Your subjugation to society is merely to pay off this debt. It's provided you free of charge, 18 years of care and development. Now all you are required to do is not hurt others, follow a few silly laws, and pay a portion of your income in taxes.
And you're not even bound to any particular society! If you wish, you could live until you can afford a boat, then sail off into the ocean and care for yourself, paying no taxes, avoiding all interaction, and being bound to no sovereign law.
It's unfortunate that nearly all the places that have no law are waterbound. But such is the case when you live on a limited resources planet - the land is already claimed. Any unclaimed resource is yours for the taking. But claimed ones are off limits, to take them without providing mutually agreed compensation is to hurt another, and above even the natural law.
When you say "society", which individuals are you specifically referring to? What evidence do you have that I owe these individuals money? Do you have proof of services rendered that weren't paid for? How does being raised by my parents (who paid for my upbringing) mean I owe money to third parties? How is it possible to be born into debt given that debts can only be incurred through consensual contract? By your logic, wouldn't it be okay to take out mortgages on behalf of your unborn kids?
Why would I have to sail off into the ocean in order to not submit to theft? You realize that you're not my dad and that I don't live in your house, right?
Are you saying that it wouldn't matter which goods or services I provide to enrich the lives of others; that it's not a contribution unless I also submit to the theft of taxation?
How does any of this conjecture constitute evidence that the constitution applies to me?
"Your parents raised you therefore the constitution applies" would be a non-sequitur, but I can understand why you felt the need to engage in story telling.
So, you mean people are born as slaves, and with the obligation to obey their ruler's arbitrary demands. And that is the natural law? Please tell me with what kind of magic, some of the born slaves become masters and slave owners, being born as defenseless and dependent as everyone else?
![5 questions] (http://imgur.com/a/S918O)
I wouldn't say slaves is the right word for it. But we have the moral obligation to pass onto the future society what society has done to benefit us. Any other action is immoral selfishness. And true, there is unfairness in how the power is arranged. We ought to work together to fix that. But you would see, if you actually lived in a land without law, there is even more unfairness without the law.
Let me answer those questions:
Yes. If someone commits harm upon a group, the individuals do not have the moral right to vigilante retribution. But the group itself has the moral right to protect every member.

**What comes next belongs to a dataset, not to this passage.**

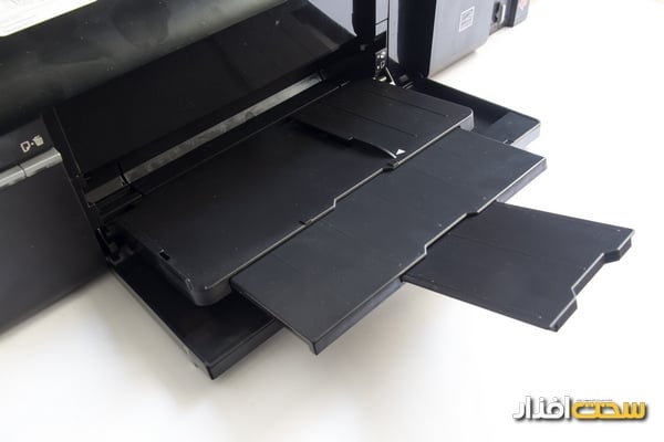 درست در سمت چپ درب، سه کليد خاکستري به نسبت بزرگ ديده ميشود که به ترتيب از راست به چپ براي خاموش و روشن کردن دستگاه، هشدار اتمام جوهر و انصراف دادن از چاپ و خروج کاغذ از پرينتر استفاده ميشود. ورودي کاغذ هم مانند ديگر محصولات در بالاي دستگاه قرار دارد و کاربر ميتواند حداکثر 120 برگ کاغذ A4 را براي چاپ در اين بخش قرار دهد.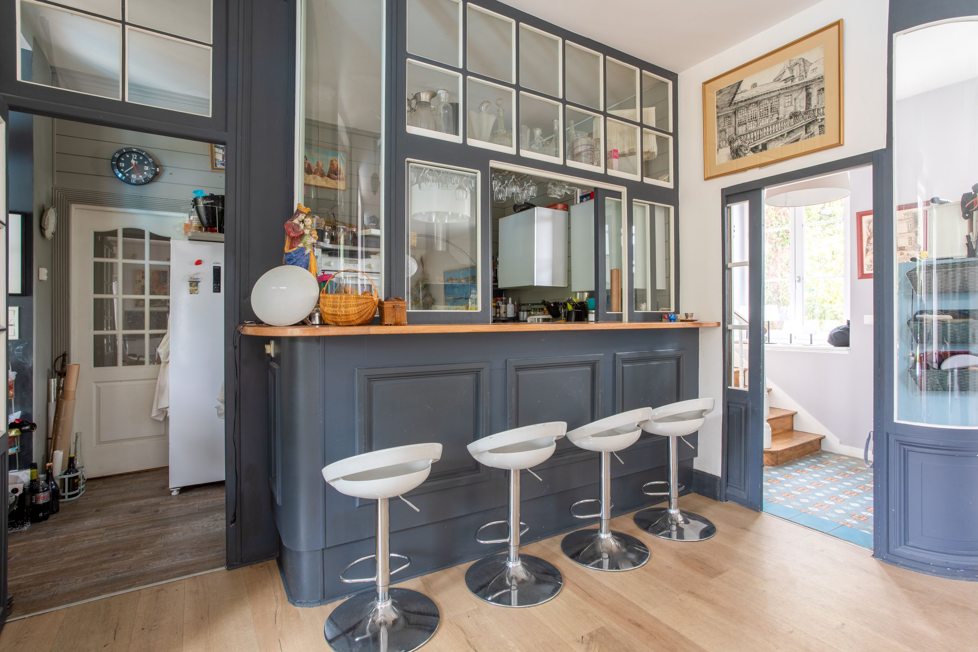Au 2ème étage : 2 chambres, bureau, salle de bains et toilettes. Combles aménagés au dernier étage. Chaufferie et dépendances aménageables. Enfin stationnement dans la cour pour 4 véhicules.

Not so much the "right" to do things they wouldn't do, but the obligation. They act as a delegate of the group, and they are obligated to work in the best interests and direction of the group instead of their own.

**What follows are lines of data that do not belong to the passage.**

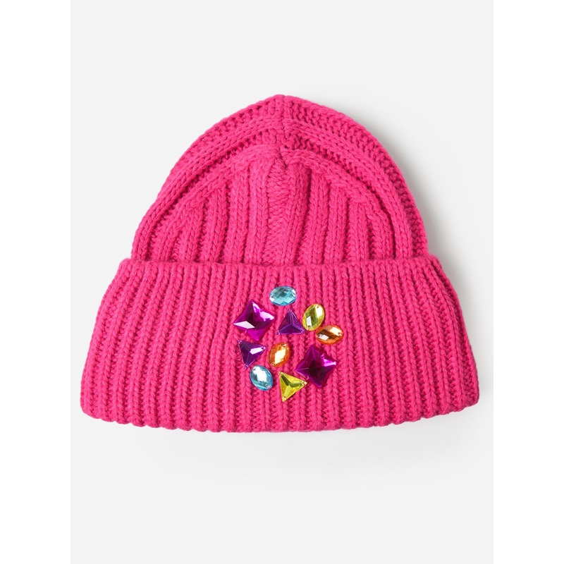 DESCRIPTION:A fleece-lined, ribbed beanie with strass stone details.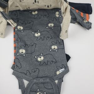 NWOT Gerber set of 5 long sleeve Onsies. 100% cotton. Size: 3-6M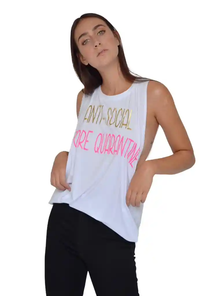 camiseta sin mangas estampada en vinilo textil. Talla unica.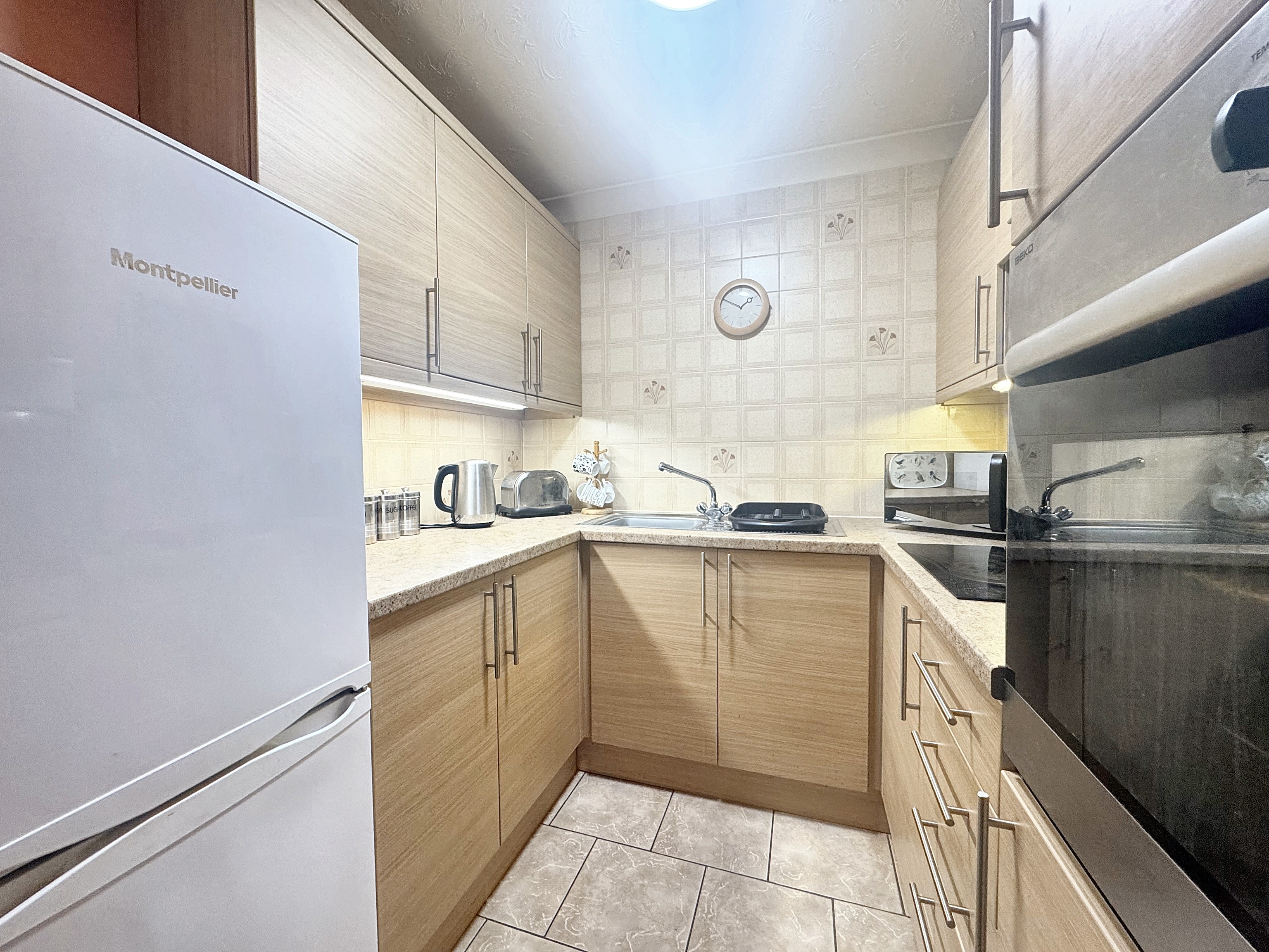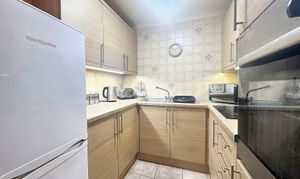 The one bedroom apartment offers a tranquil retreat, with views of the rear gardens, providing a comfortable space. The apartment also features a bathroom, living room and compact kitchen.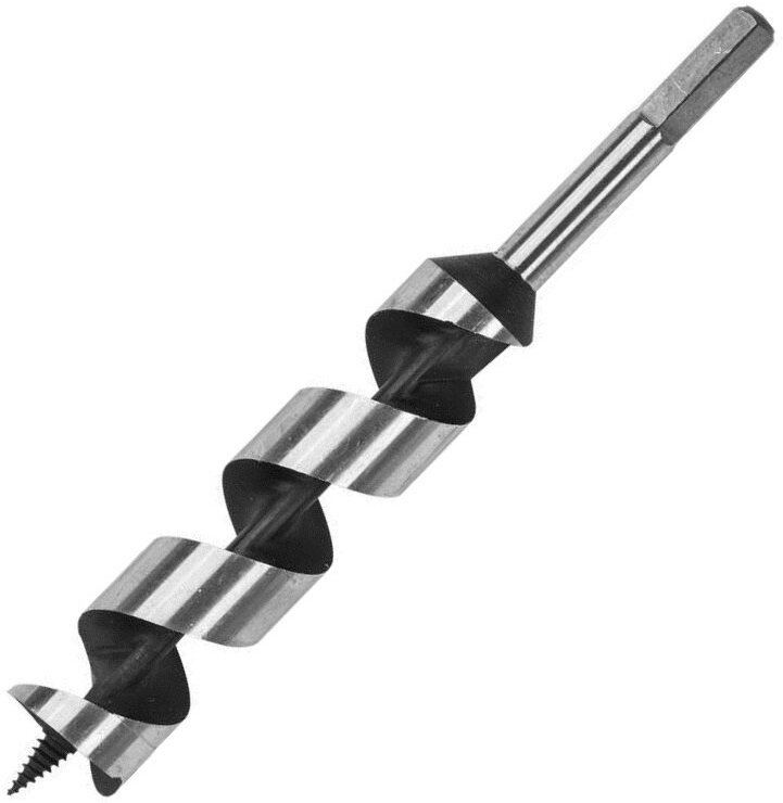 Изготовлены из высококачественной инструментальной стали. Спиральное центрирующее острие для быстрого захода в материал. Специальная форма шнека для быстрого вывода стружки и исключения заклинивания. Шестигранный хвостовик обеспечивает надежную фиксацию в сверлильном патроне без проскальзывания. Сверла Левиса предназначены для точного и быстрого сверления больших брусов, балок, перекрытий из мягких и твердых пород дерева, а также ДСП и фанеры. Размер: 35x600 мм.

I wouldn't say an act is transformed. Morality is not absolute. The "same" act in different circumstances has different moralities. Obeying the consensus of society is a circumstance where your actions are usually (but not always) moral. For instance, stealing to feed your family is different from stealing to obtain as much wealth as possible. Even slight differences make a difference: if you stole luxury foods to feed your family when it was possible to steal mundane foods, that is different from stealing the cheapest items you need.
Yes, if they do anything immoral while a delegate of society, they are just as culpable as if they did it as an individual.

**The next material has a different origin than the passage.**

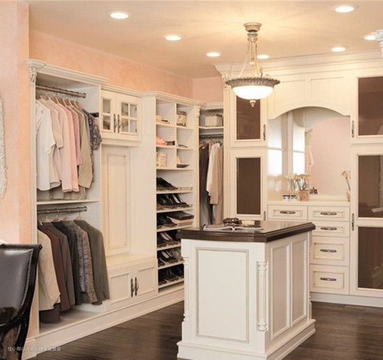 3、步入式衣帽间可与悬挂区的设计相分离,如短衣服的悬挂空间较小,衣帽间只有0.94米高,而裙子之类的衣服占用空间较大,因此衣帽间高度以1.8米为宜。
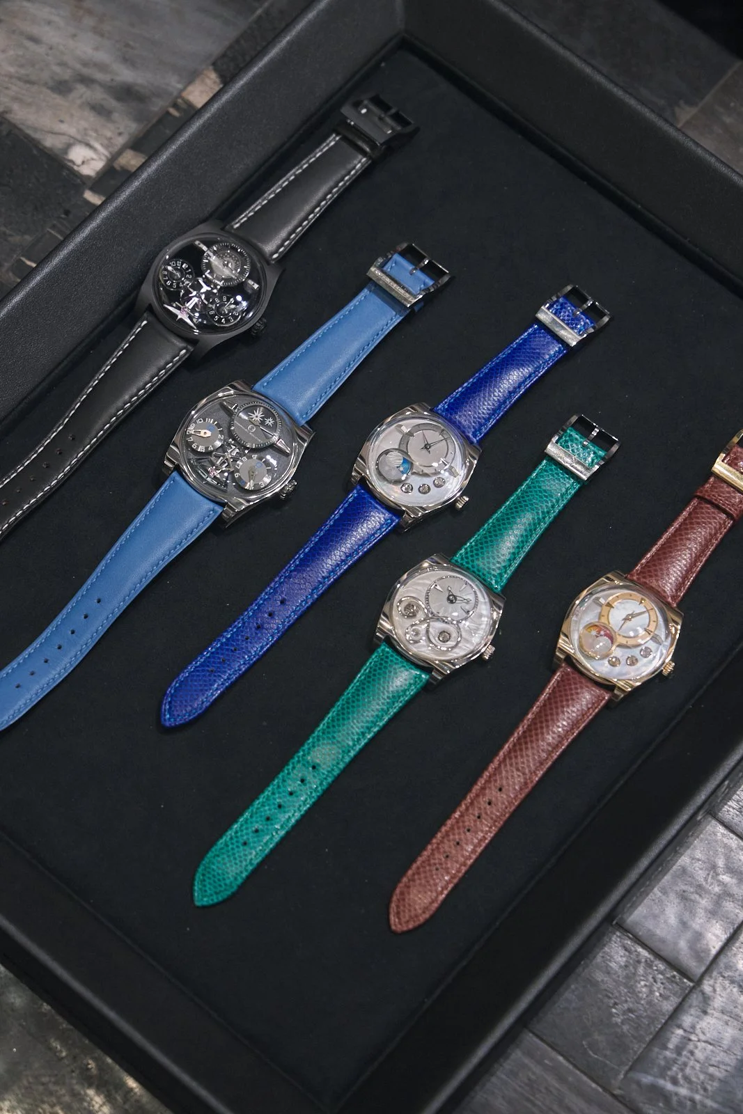 Both keep the 15-second jumping escapement and deconstructed time display, but offer different aesthetic entry points. Aleph suits those who appreciate understatement; Contrast appeals to collectors who want their watch to start conversations. Neither compromises on the core philosophy: the movement is the dial, and the dial is the movement.

If a delegate is ordered to to something he finds morally wrong, he is obligated to step down from his position. He is also morally obligated to try to change society so that his successor does not commit the same wrongs.
Wait a minute, why is it the responsibility of anyone to take care of a child other than that child's parents? Why is it my responsibility to take care of my neighbor's child simply because they decided to have intercourse. This is not to say that I won't help as i see it necessary, but this is not something that either is nor should be required of me. Why must I be held accountable for the actions of other people?